Abstract
INTRODUCTION: Thrombotic events are common in the course of COVID-19 and are related to the release of neutrophil extracellular traps (NETs). Identifying the moment during the time course of the disease when the stimulus for NETs and platelet activation occurs and finding potential drugs that inhibit these mechanisms will bring insights on optimal time to initiate treatment.
AIM: To evaluate changes in the levels of inflammatory, platelet activation and NETs markers during COVID-19 hospitalization and their association with adverse outcomes. We also analyzed whether antiplatelets and anticoagulants were capable of inhibiting NETs release "in vitro".
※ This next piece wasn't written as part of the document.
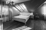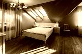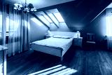 Modern cozy bedroom with skylight windows, wooden floor, and stylish lighting. Comfortable interior design.

METHODS: First we quantified circulating levels of IL-8, IL-6, TNF-α, RANTES and citrullinated histone H3 (cit-H3) on four occasions during COVID-19 hospitalization (admission, day 4, day 8 and end of hospitalization) between May and July 2020 and we assessed their association with clinical outcomes. Second, we stimulated healthy neutrophils (20x103/well) with phorbol myristate acetate (PMA) or serum from severe COVID-19 patients (n=15) in the presence of heparin (25ug/mL, 50ug/mL and 100ug/mL), enoxaparin (25ug/mL, 50ug/mL and 100ug/mL), aspirin (1mM, 2.5mM and 5mM) or ticagrelor (1uM, 2.5uM and 5uM) and in the absence of these drugs. NETs formation was quantified using Incucyte. Neutrophils nuclei were stained with NuclearRed ID and the cells were incubated with a medium containing Sytox Green. Images of the cells incubation were obtained after 1.5 hour, the number of cells that suffered netosis (stained in green) and did not suffer (stained in red) was obtained. Finally, we calculated the percentage of netosis dividing the number of green cells by the total number of cells per well.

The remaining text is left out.